Before describing the disclosed technology in detail, some terms use throughout this disclosure should first be defined. In the present disclosure, a “dynamic logic circuit reconfigurable processor” is a processor having a function that dynamically reconfigures and processes a logic circuit in a processor according to an instruction. A “custom LSI” is an LSI including an application specific integrated circuit (ASIC) that is designed and manufactured according to needs. A “custom instruction” is an instruction that is executed by a process and defined by a user. An “instruction set” is a series of instruction codes included in a processor. An “instruction set architecture” (ISA) is composed of logic element connection information required for generating logic circuit configuration information of a processor and an instruction set. The “logic element connection information” is information defining, for example, an AND circuit, an OR circuit, and an XOR circuit in this order. Accordingly, on the logic circuit of the dynamic logic circuit reconfigurable processor, the information on where the AND circuit, the OR circuit, or the XOR circuit is located, or which wiring lines connects the AND circuit, the OR circuit, and the XOR circuit to one another, is not included. A “custom logic circuit” is a logic circuit for realizing a custom instruction, and is a circuit or a function that cannot be realized in a general-purpose processor due to the performance. A “platform” is a system composed of common hardware and software that can be used for realizing a different custom logic circuit. A “data path” is a logic circuit of a processor for executing a custom instruction. A “programmable element” is an element for constructing a logic circuit, such as the AND circuit, the OR circuit, the XOR circuit, or an ALU circuit.

With these definitions in mind, reference is now made to FIG. 1, which illustrates a block diagram illustrating the overall structure of one embodiment of a custom LSI development platform 1 according to the present invention. The custom LSI development platform 1 includes a dynamic logic circuit reconfigurable processor 20 and a software module 10. The software module 10 is composed of a series of software for generating logic circuit configuration information for dynamically changing an ISA in the dynamic logic circuit reconfigurable processor 20 and a reconfigurable logic circuit 24 (reconfigurable data path) in the dynamic logic circuit reconfigurable processor 20 for each custom instruction.

If a software developer describes a source program 100 in a C language, an ISA generator 110 generates and compiles a middle code 111 and an ISA 112 to generate a program object code 141 and a logic circuit configuration object code 142. The dynamic logic circuit reconfigurable processor 20 processes operation of input data 27, while changing a reconfigurable logic circuit 24 for each custom instruction based on the program object code 141 and the logic circuit configuration object code 142, and outputs data 28 as a final result.
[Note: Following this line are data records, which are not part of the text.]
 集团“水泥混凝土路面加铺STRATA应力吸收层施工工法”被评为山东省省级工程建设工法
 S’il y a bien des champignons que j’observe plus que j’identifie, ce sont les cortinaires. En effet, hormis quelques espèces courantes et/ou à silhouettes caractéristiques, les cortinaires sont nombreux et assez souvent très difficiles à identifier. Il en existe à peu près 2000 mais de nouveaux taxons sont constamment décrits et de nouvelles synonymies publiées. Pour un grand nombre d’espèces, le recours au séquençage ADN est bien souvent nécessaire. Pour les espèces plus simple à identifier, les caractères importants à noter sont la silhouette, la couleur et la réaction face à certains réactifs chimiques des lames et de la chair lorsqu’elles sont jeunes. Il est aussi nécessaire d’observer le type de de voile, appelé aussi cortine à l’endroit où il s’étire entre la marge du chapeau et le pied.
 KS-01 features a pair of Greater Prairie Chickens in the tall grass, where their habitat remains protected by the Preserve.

FIG. 2 is a detailed block diagram of the software module 10 illustrated in FIG. 1. If the C source program 100 is applied, an ISA generator 110 starts up and analyzes the instruction structure of the C source program 100. Also, in a custom instruction library 160, a plurality of custom instructions which are previously defined are stored. The ISA generator 110 extracts the pattern of the instruction that is in use or is repeatedly used in the C source program 100, compares it with the pattern of the custom instruction in the library 160, substitutes the instruction in the C source program 100 with the custom instruction, and generates the middle code 111 and the ISA 112.

The middle code 111 is composed of a function call of the custom instruction and a control instruction, and the ISA 112 is composed of a custom instruction and logic element connection information. The middle code 111 is compiled to an assembler code 121 by a compiler 120 and then becomes a program object code 141. Further, the compiler 120 compiles the middle code 111 and the custom instruction of the ISA 112, for example, the custom instruction that multiplication is defined as ‘x’ to the assembler code 121. The custom instruction of the ISA 112 is converted into the assembler code 121 together with the middle code 111 by the compiler 120, and then becomes the program object code 141 by the assembler 140.
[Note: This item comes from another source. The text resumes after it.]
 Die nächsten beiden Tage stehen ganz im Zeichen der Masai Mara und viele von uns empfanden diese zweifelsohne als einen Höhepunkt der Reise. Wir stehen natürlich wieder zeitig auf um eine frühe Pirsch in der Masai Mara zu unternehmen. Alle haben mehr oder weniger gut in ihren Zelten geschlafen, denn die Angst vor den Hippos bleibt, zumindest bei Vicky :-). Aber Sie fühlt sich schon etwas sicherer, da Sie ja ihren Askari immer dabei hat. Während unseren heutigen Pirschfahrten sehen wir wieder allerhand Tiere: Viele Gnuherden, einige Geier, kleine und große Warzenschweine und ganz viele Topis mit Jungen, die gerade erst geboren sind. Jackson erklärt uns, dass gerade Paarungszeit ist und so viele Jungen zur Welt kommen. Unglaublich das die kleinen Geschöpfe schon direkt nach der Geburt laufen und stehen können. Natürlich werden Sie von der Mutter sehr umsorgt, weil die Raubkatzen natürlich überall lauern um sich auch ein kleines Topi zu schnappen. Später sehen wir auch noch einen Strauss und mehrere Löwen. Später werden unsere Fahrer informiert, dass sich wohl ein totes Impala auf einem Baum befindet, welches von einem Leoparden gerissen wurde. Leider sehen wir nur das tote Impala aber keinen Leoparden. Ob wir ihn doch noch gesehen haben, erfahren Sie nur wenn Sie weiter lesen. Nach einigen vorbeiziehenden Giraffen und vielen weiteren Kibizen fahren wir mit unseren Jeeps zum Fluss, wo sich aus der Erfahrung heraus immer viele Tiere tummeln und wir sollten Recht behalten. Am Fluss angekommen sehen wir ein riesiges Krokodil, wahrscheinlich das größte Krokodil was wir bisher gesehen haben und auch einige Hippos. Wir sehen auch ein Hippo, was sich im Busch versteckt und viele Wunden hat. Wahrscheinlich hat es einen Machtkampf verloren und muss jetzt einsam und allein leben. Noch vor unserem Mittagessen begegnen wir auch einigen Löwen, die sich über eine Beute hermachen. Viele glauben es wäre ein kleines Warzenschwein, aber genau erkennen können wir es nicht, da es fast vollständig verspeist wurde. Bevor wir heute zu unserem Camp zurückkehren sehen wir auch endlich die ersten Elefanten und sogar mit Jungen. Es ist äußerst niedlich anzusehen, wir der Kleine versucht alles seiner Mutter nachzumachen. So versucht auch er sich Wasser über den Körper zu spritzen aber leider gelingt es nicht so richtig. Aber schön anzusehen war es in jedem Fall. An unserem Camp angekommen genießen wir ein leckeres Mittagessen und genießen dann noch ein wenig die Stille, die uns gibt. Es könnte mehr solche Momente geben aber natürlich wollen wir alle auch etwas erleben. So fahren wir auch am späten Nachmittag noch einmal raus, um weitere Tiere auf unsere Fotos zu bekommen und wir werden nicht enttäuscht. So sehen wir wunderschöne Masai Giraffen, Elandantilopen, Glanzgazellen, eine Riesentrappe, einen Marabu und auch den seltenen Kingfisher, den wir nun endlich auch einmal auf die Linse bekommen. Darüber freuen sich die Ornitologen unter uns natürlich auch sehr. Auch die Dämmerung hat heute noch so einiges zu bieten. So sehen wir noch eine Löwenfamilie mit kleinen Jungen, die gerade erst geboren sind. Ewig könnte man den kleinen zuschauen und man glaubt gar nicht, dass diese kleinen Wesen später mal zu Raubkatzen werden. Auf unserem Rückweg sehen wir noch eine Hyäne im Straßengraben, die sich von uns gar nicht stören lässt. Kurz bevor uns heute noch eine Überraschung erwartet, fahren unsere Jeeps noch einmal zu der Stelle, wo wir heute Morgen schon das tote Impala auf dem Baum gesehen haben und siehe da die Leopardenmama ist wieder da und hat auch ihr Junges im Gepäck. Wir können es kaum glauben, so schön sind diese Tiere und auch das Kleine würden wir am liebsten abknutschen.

A logic circuit configuration generator 130 generates logic circuit configuration information 1311 from the logic element connection information of the ISA 112 and layout arrangement information 1310 of a programmable element (PE) of a reconfigurable logic circuit 24. It then converts it into the logic circuit configuration object code 142 by the assembler 140. The software module further includes a simulator 170 for simulating the performance of the ISA 112, specifically, program object code 141 and the logic circuit configuration object code 142.

FIG. 3 is a detailed block diagram of the ISA generator 110. As shown in FIG. 3, a patterning module 1110 extracts an instruction that is in use or is repeatedly used in the C source program 100 with reference to the library 160, compares the pattern of the extracted instruction with the pattern of the custom instruction stored in the library 160, and substitutes an identical instruction with the custom instruction (1140). Various instructions that were not extracted as the custom instructions (were not previously created as the custom instructions) by the patterning module 1110 are newly defined and created by a creator 150, or are synthesized to the existing custom instruction and defined as new custom instructions (1160) if the various instructions can be synthesized to the existing custom instruction. The custom instructions of the library 160 are always updated by the addition and synthesis of the custom instruction (1160).
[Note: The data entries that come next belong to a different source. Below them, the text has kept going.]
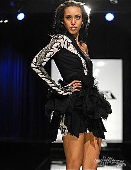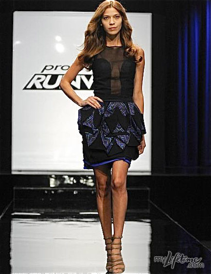 Another dark, sexy and intriguing look from April, who I love more and more every week. I like that she’s rough around the edges, with her gloom-and-doom aesthetic and general badass attitude, but she is clearly a gentle soul with a good heart underneath it all. This print, based on her parents’ divorce when she was 13, was stunning. The tree going up the model’s arm is beautiful and very unique, and her incorporation of the print into the design was rather brilliant. I love the silhouette and the styling, and I respect April for being the only designer besides Mondo to create real fashion for this challenge. She was my choice for the runner-up.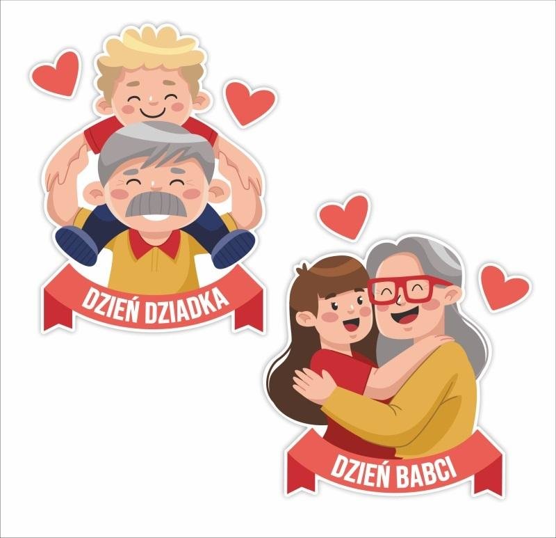 Zestaw zawiera 6 elementów - wydrukowanych dwustronnie!Dekoracje są wycięte, gotowe do powieszenia.Zestaw składa się z 2 dużych elementów z babcią i dziadkiem oraz 4 serc - idealne szczególnie do szkoły i przedszkola.Świetnie sprawdzi się jako ozdoba na okno w szkolnych lub przedszkolnych salach,...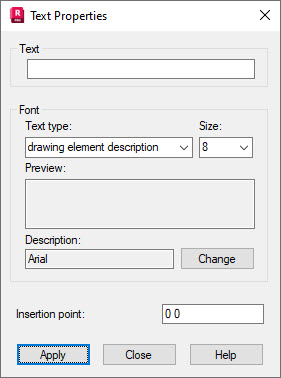 - Insertion point - in this field, specify the text location on the plotter drawing, either by typing coordinates or by selecting the point on the drawing.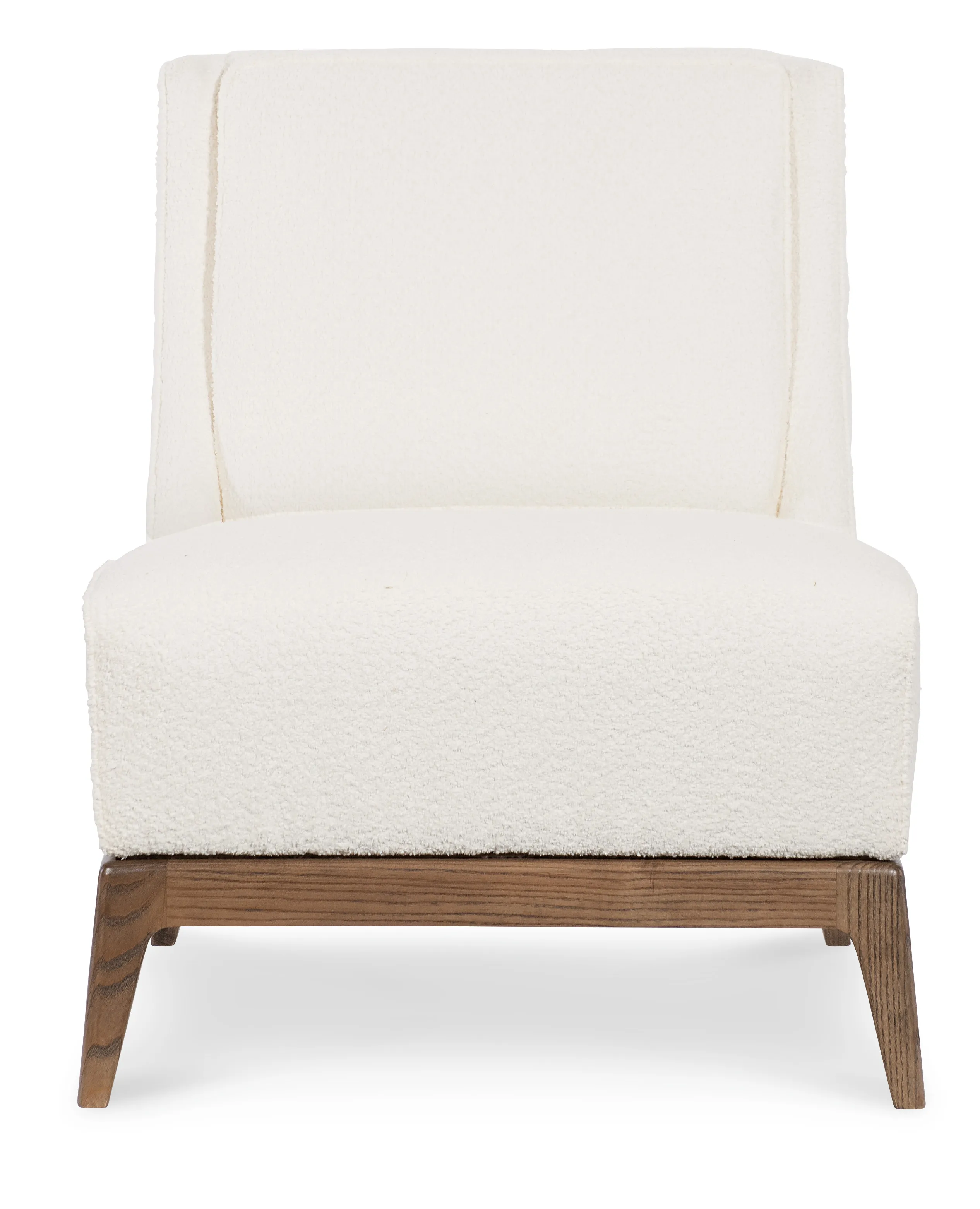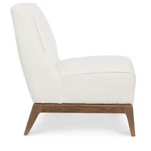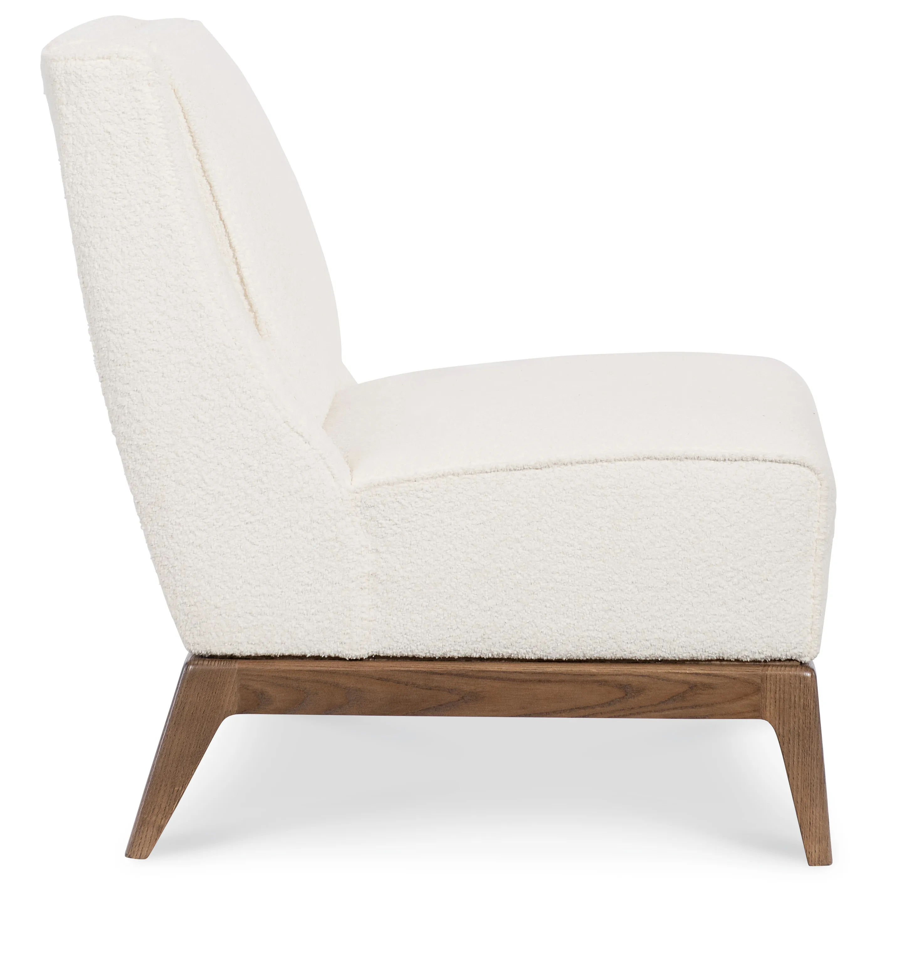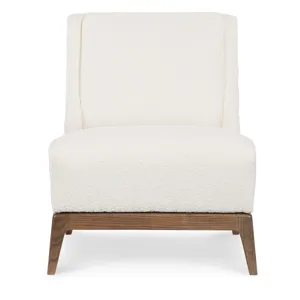 Make a modern statement with the Lombard Exposed Wood Chair. Featuring a tight seat and back, armless silhouette, and fabric frame with tapered legs, this accent chair blends clean lines and comfort, perfect for minimalist living spaces.

The patterning module 1110 substitutes the instruction of the C source program 100 with the custom instruction until the entire C source program 100 can be executed. This includes covered instructions 1120 and non-covered instructions 1130. In addition, the patterning module 1110 generates the logic circuit configuration information of the reconfigurable logic circuit 24 for each custom instruction, with reference to the logic element connection information (associated with the custom instruction and stored in the library 160) and the layout arrangement information 1150 of the PE. The ISA generator 110 thus produces (1170) the ISA 112 and Middle Code 111.

FIG. 4 is a block diagram showing a dynamic logic circuit reconfigurable processor 20 according to an embodiment of the present invention. The dynamic logic circuit reconfigurable processor 20 includes the reconfigurable data path (reconfigurable logic circuit) 24 and executes programs by sequential control. The dynamic logic circuit reconfigurable processor 20 executes the process content of the C source program 100 while resetting the logic circuit configuration for each step. Further, the step is a period that is required for executing one instruction, including the setting of the logic circuit configuration and the execution of the operation. Also, the logic circuit configuration information is configuration information of the reconfigurable logic circuit for executing the custom instruction.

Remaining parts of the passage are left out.